Izen is hanging his hat on those weasel words, which show that his source isn’t sure about anything at all.
In fact, CO2 has nothing measurable to do with global temperature. Any assertions to the contrary are simply an effort to buttress the alarmist belief in cAGW. But so far, empirical [real world] evidence does not support Izen’s belief in the “carbon” scare.

DaveW
February 21, 2014 6:54 pm

This doesn’t sound like such a bad study, only the hype is annoying. One major problem is that the 10 species of Drosophila are all closely related. That was a poor choice if one wanted to extrapolate the results to ‘insects’: you can’t. I assume they did this because many Drosophila are easily reared in the lab and because some have been model organisms in genetics, much has been learned about their distributions in the field.
Finding that the response to temperature shocks in the lab match expected high temperatures in the distribution of these species in the field may seem trivial (it does to me), but just because this relationship is assumed to occur doesn’t mean it isn’t useful to see it tested and supported.
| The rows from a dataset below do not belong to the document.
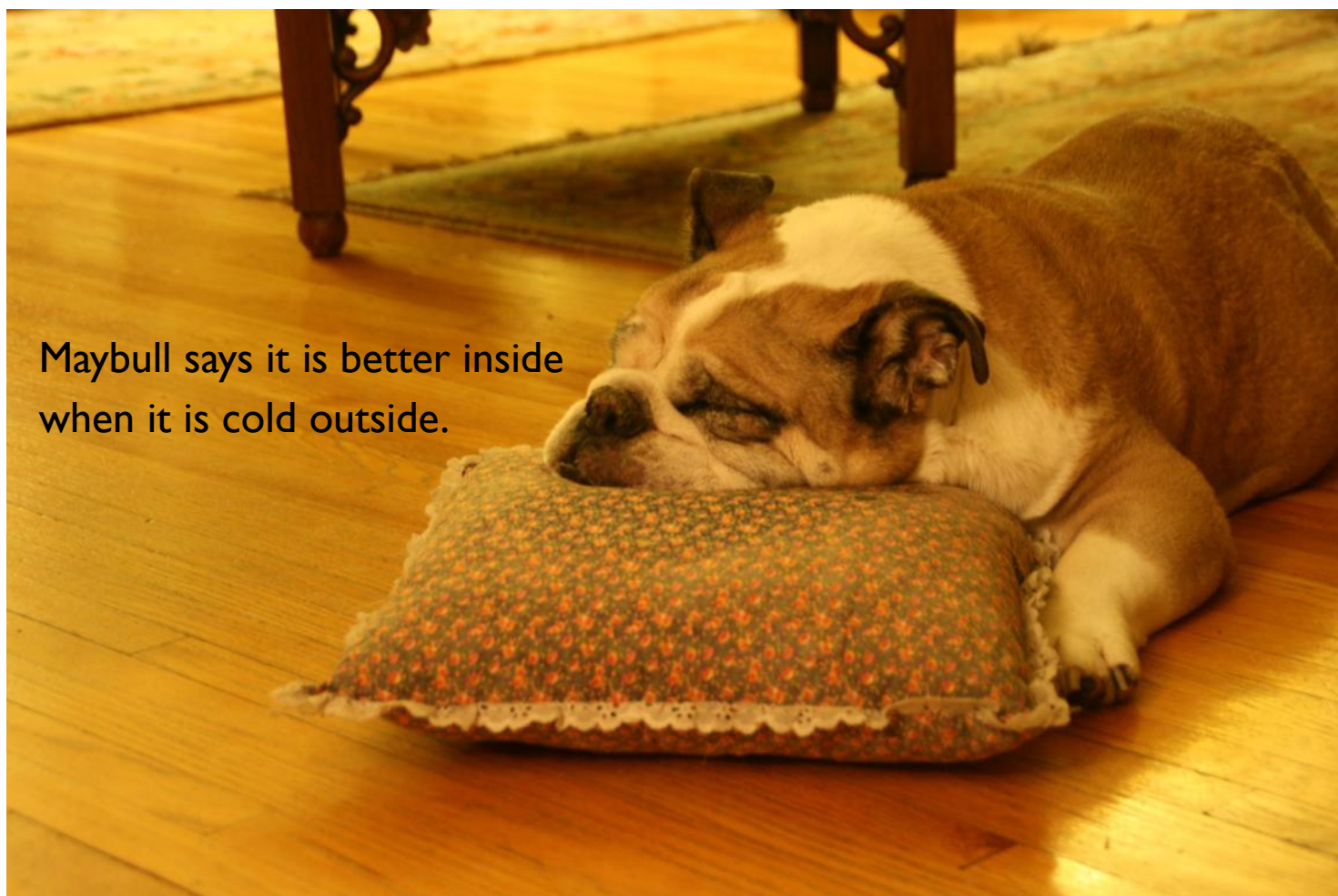
Maybull says it is better inside when it is cold outside.
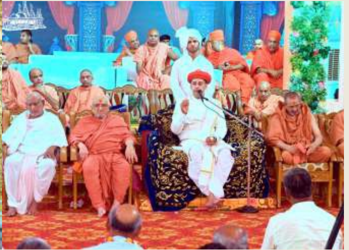
H.H. Shri Acharya Maharaj performing Abhishek of Thakorji and granting blessings in the Sabha alongwith Mahant Swami of Bhuj temple and ParshadJadavji Bhagaton the occasion of 14th Patotsav of Bhuj temple of Prasadi.
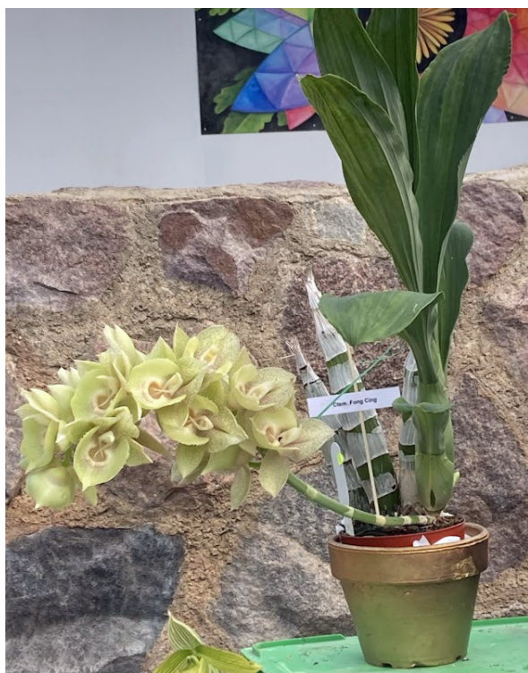
Photograph by Lorraine Snyder Ctsm Fong Cing?
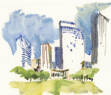
PUTTING IT TOGETHER with lost & found edges.
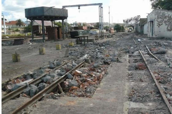
Here the wooden sheds have all gone and the locomotive service pits have been filled in.

As mentioned in the last newsletter, the Humewood Road steam depot has been earmarked for demolition. This is currently underway and is almost complete. Here is a selection of photographs recently taken showing what is happening there.
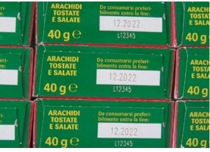
Writing on cardboard boxes
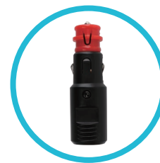
SAE TO CIG CABLE
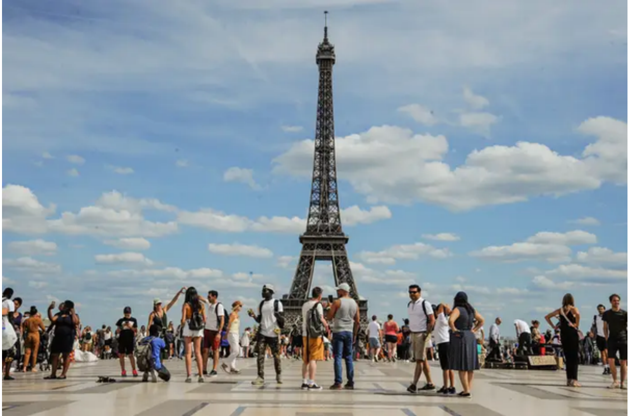
After the Coronavirus lockdown:

Obvious problems in interpretation include microhabitat choices in the field that would tend to ameliorate any effect of temperature shocks are not available in the lab and one would expect multivoltine insects such as these fruit flies to rapidly adapt to a new temperature regime. There is also the confounding relationships between temperature and other factors that do not seem to have been controlled for.
Another example of how CAGW poisons everything it touches. This is an interesting minor study that adds somewhat to understanding Drosophila distributions, but has been turned into more magical science.

Patrick
February 21, 2014 8:24 pm

“izen says:
February 21, 2014 at 6:34 am
Wrong, the present rate of rise in CO2 in the atmosphere and the consequent reduction of ocean ph is much greater than any past natural event, even the PETM.”
Where is the evidence to support that statement?

Brian H
February 22, 2014 5:58 pm

Which comes after which? Maybe the bugs drive the weather. It’s consistent with the statistics!
And, btw, extremes accompany COOLING. That is the only hypothesis consistent with recent or paleo-history.